Search code examples
pythonpandasfeature-selectionrfe

performing rfec in python and understanding output


I am doing rfecv in python using pandas. my step size is 1. I start with 174 features. My function call is as below

rfecv = RFECV(estimator=LogisticRegression(solver='lbfgs'), step=1, cv=StratifiedKFold(n_splits=10, shuffle=True, random_state=44),scoring='recall',\
              min_features_to_select=30, verbose=0)
rfecv.fit(X_train, y['tag'])

Optimal number of features returned by rfecv is 89. I noticed that length of cv_results_['mean_test_score'] is 145.
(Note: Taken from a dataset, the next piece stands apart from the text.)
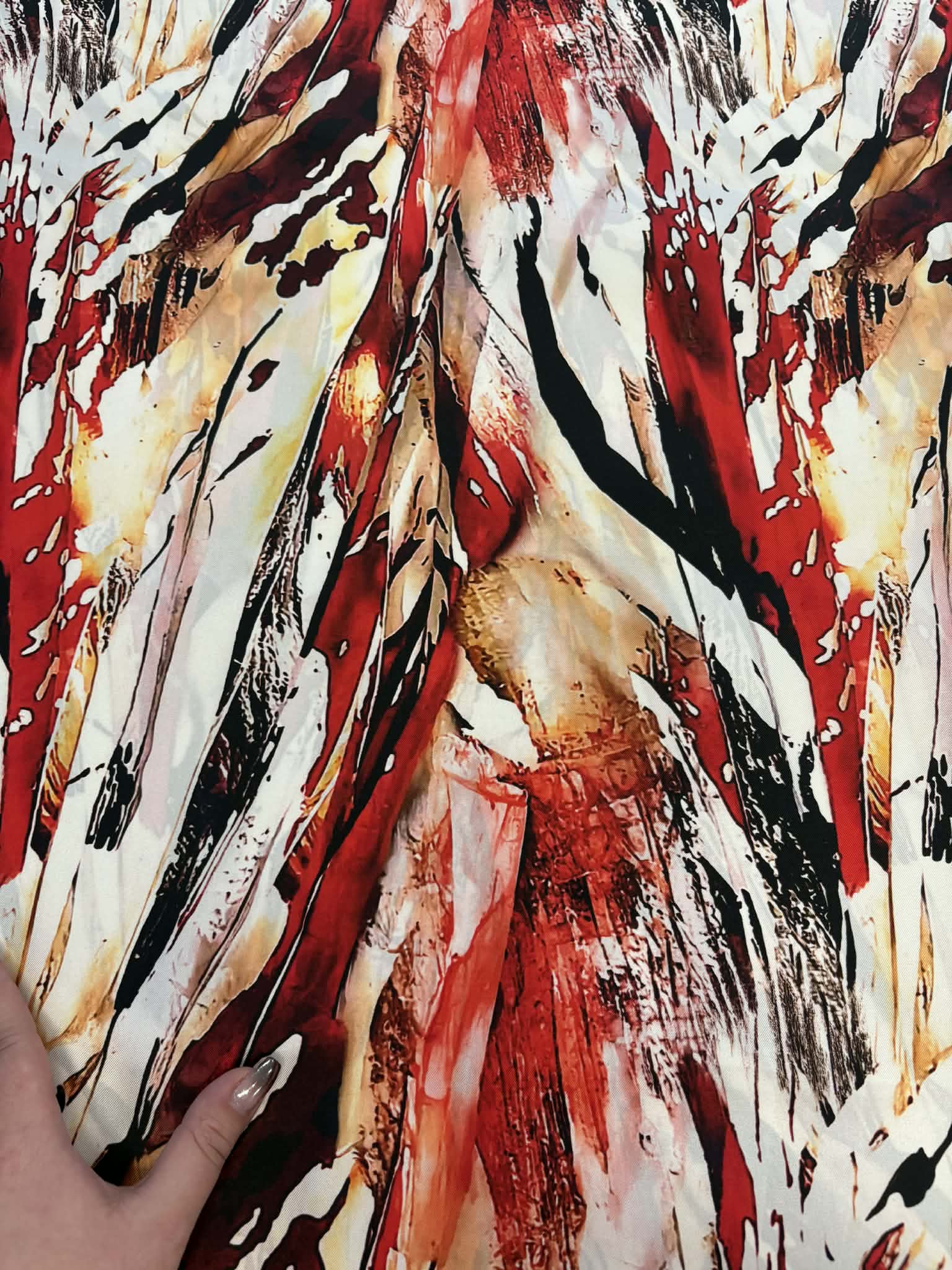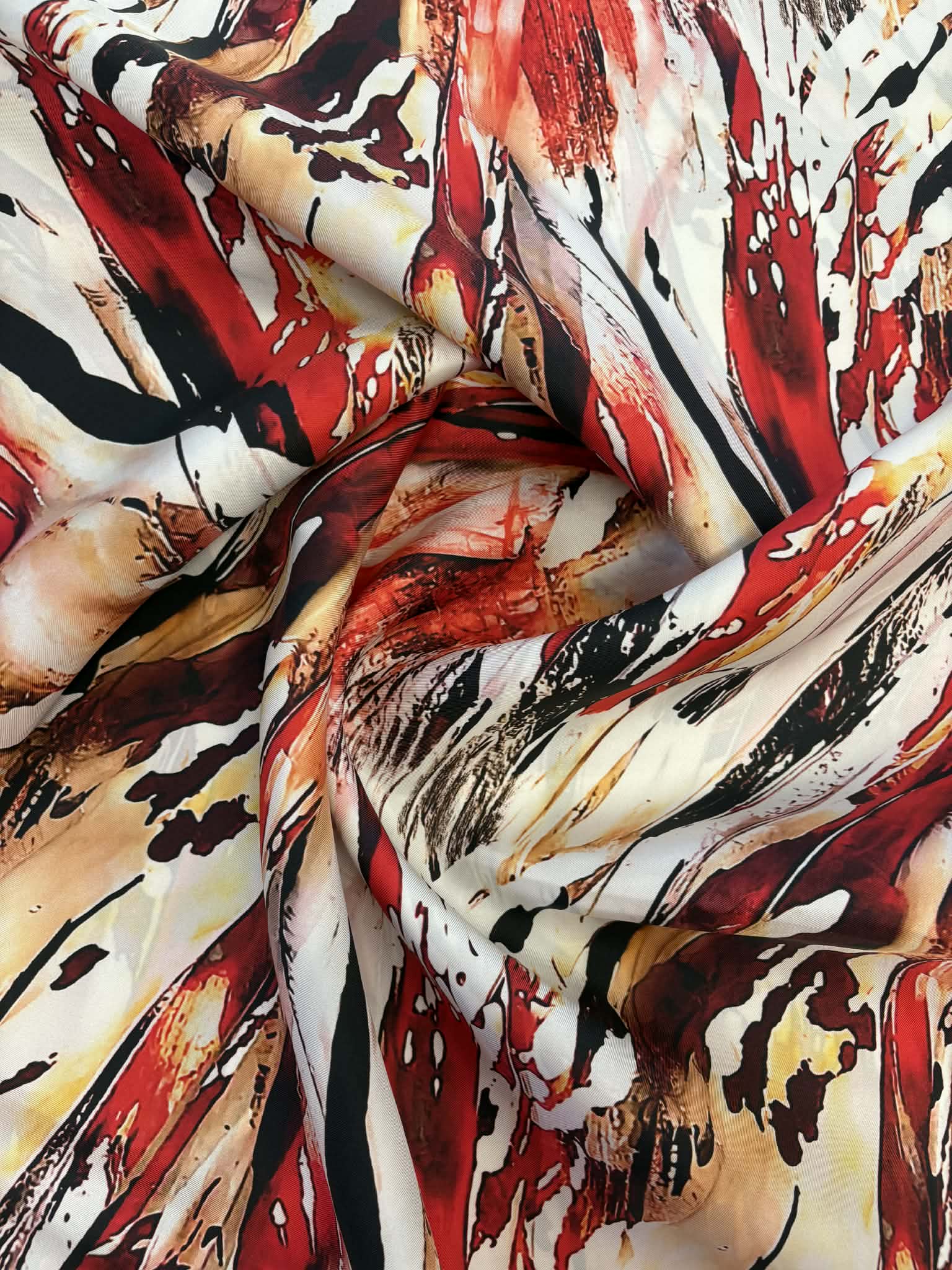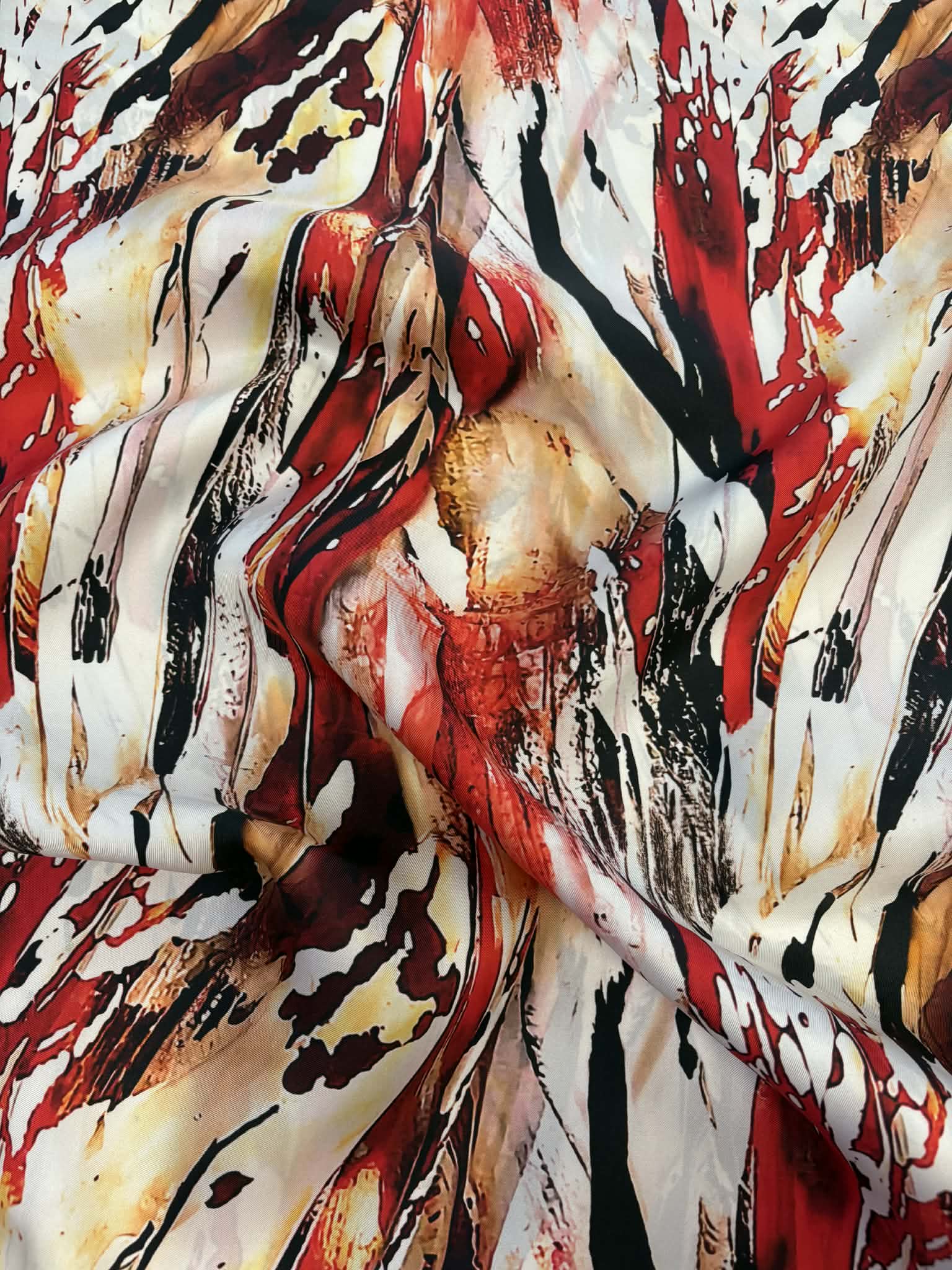 Materiał delikatnie sztywniejszy, nieprześwitujący. Wzór abstrakcyjny czerwono-czarno-śmietanowy. Odpowiedni na sukienki, koszule, spódnice, spodnie, bluzki.

Shouldn't it be 174-89=85? If RFECV removes 1 feature at a time and ends up with 89 features out of 174 then I felt that there will be 85 steps (length of 'mean_test_score').

#adding some dummy example-------------------------

In below case, we start with 150 features. minimum features to select is 3 and it selects 4 features. But then why print (len(selector.cv_results_['std_test_score'])) is 148 if 1 feature is eliminated at a time

from sklearn.datasets import make_friedman1
from sklearn.feature_selection import RFECV
from sklearn.svm import SVR
X, y = make_friedman1(n_samples=50, n_features=150, random_state=0)
estimator = SVR(kernel="linear")
selector = RFECV(estimator, step=1, cv=5, min_features_to_select=3)
selector = selector.fit(X, y)
print (selector.support_)
print (selector.ranking_)
print (selector.n_features_)

print (len(selector.cv_results_['std_test_score']))

Solution

  • In your first example, you start with 174 features and end up with 89 features as the optimal number. The length of cv_results_['mean_test_score'] being 145 is due to the cross-validation process. The RFECV method does not just eliminate one feature at a time but performs cross-validation at each step to estimate the model's performance with a different number of features. So, it evaluates the model multiple times during the feature selection process with different subsets of features.

    You start with 174 features. The RFECV starts the feature elimination process, evaluates the model's performance using cross-validation (here, with 10-fold stratified cross-validation), and records the mean test score for each step. After eliminating some features, the process enters the second step, where the number of features might differ from 174 (depending on how many were eliminated in the first step). The process continues until it reaches the stopping criterion, either the min_features_to_select or the number of features where the performance does not improve significantly.

    The length of cv_results_['mean_test_score'] will give you the number of steps taken during the feature elimination process, which may not equal the difference between the initial and final number of features selected.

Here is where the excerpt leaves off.